For 1: I also tried splitting the data so the number of rows gets smaller

Does anyone have an idea on how to get this done?

Thank you very much in advance!

Answers

  • JEdward
    JEdward New Altair Community Member
    Which part of your process is running out of memory? 
    Is it the conversion to binominal? 
  • online360
    online360 New Altair Community Member
    Hi!

    Yes, most of the time it happened there but I think also sometimes at fp-growth or at create attribute sets.

    At the moment, it always runs all the way to the results view but there is no result shown.
  • JEdward
    JEdward New Altair Community Member
    Let's try not doing thle process in one go. 
    First get the dataset with the binominal conversion stored.  (Use the Store operator). 

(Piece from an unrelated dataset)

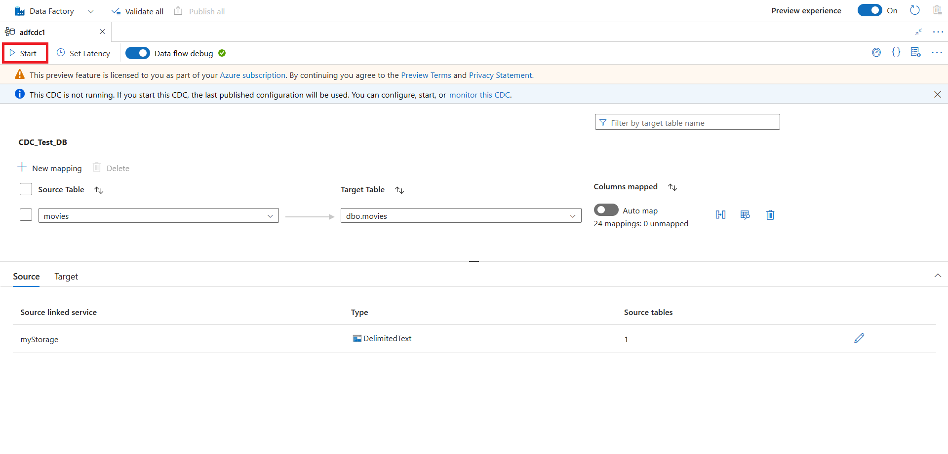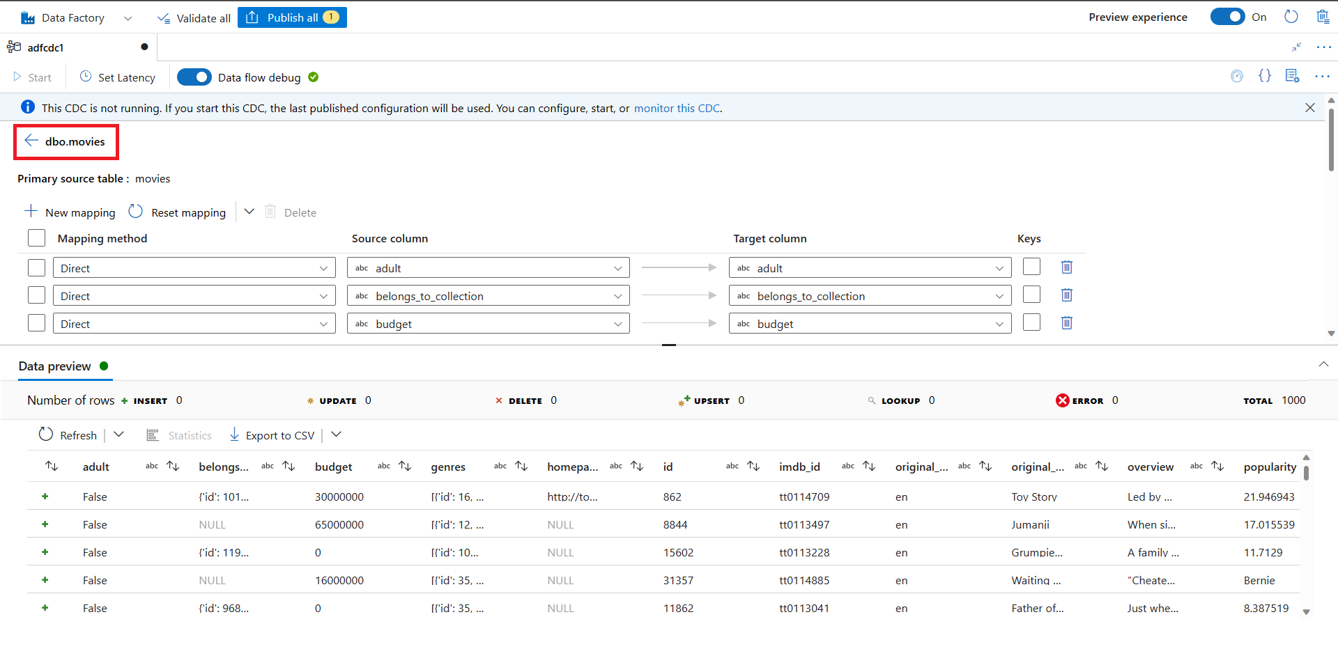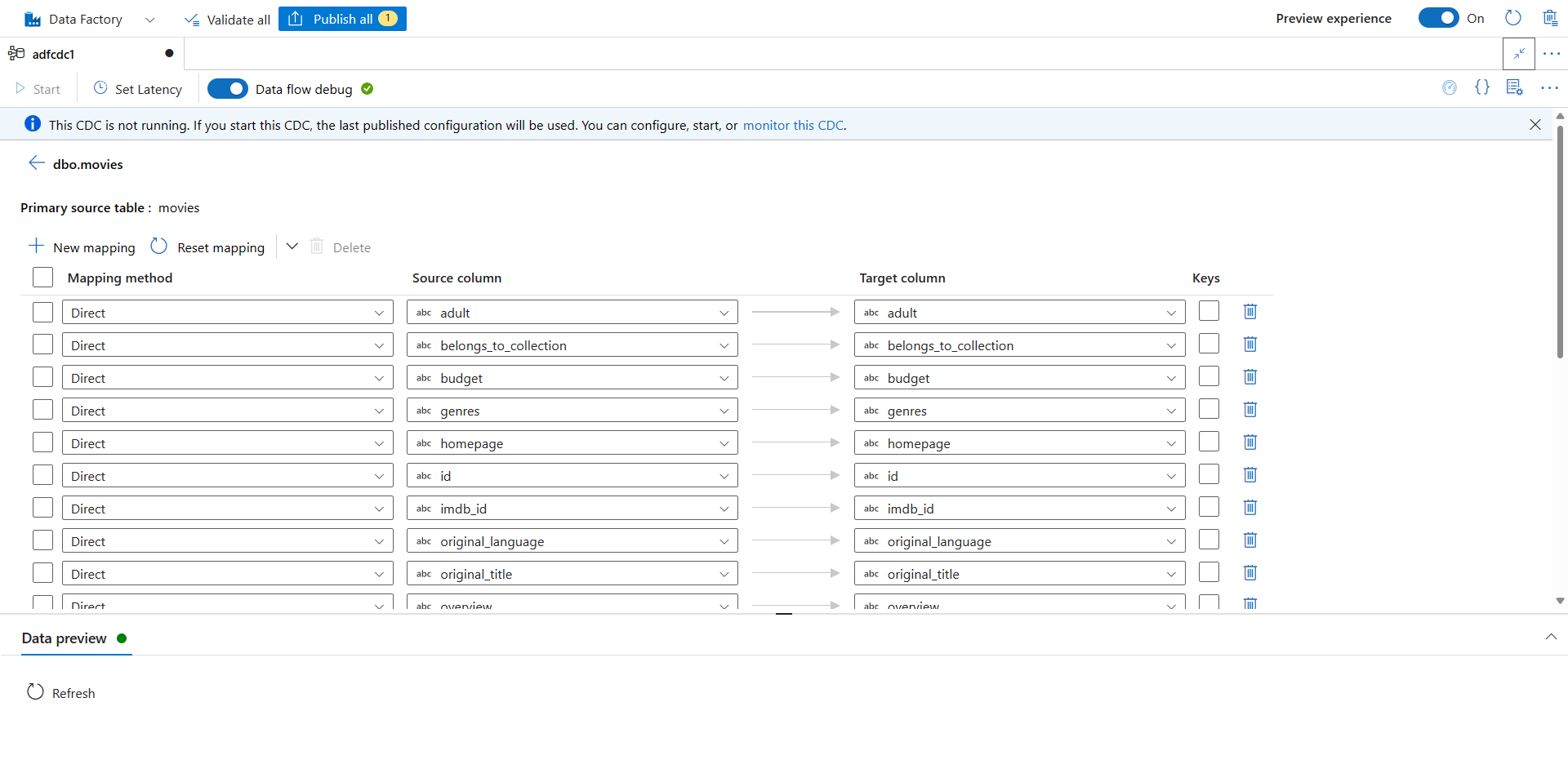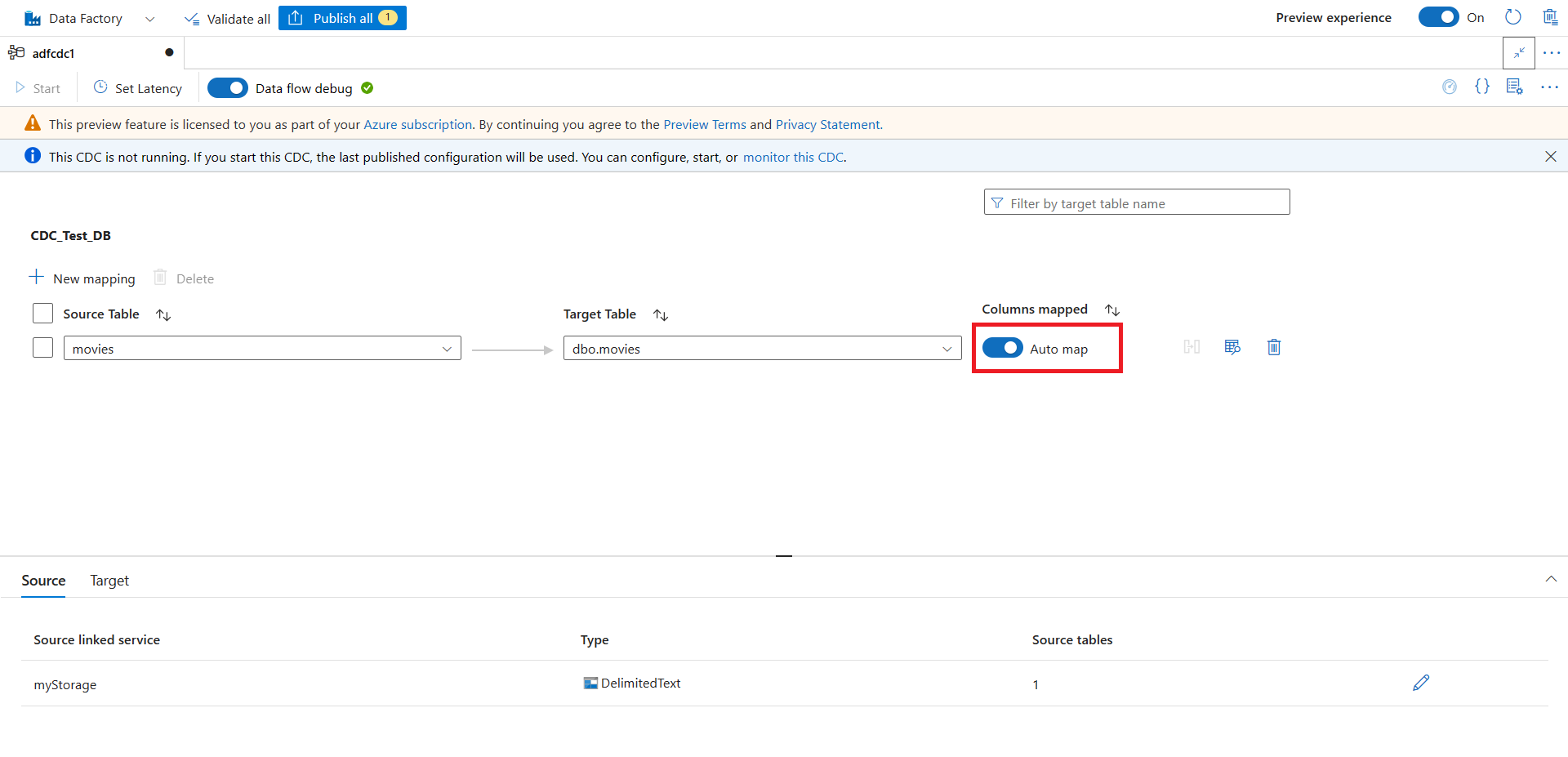 After you finish configuring your CDC, select Publish all to publish your changes.

    Ths has two advantages, first it saves memory by breaking it up. 
    Second it saves time, because if there is a problem in the way your FP Growth has been setup so it isn't actually finding associations then you don't need to wait for the binominal conversion before you try again.
  • online360
    online360 New Altair Community Member
    Thanks for the hint, I think saving the data before running fp-growth showes the problem:
    The saved data set only shows three rows (row no.; invoice; sum(orders)), wehere every value in sum(orders) is "true".

    Also; it only shows 68.515 examples out of over 300.000 in the original data set.

    What does that mean?

    Thanks!
  • JEdward
    JEdward New Altair Community Member
    Would you mind sharing your process XML? 
    It sounds like there is something not quite right there.  Possibly using an aggregate operator in the wrong place. 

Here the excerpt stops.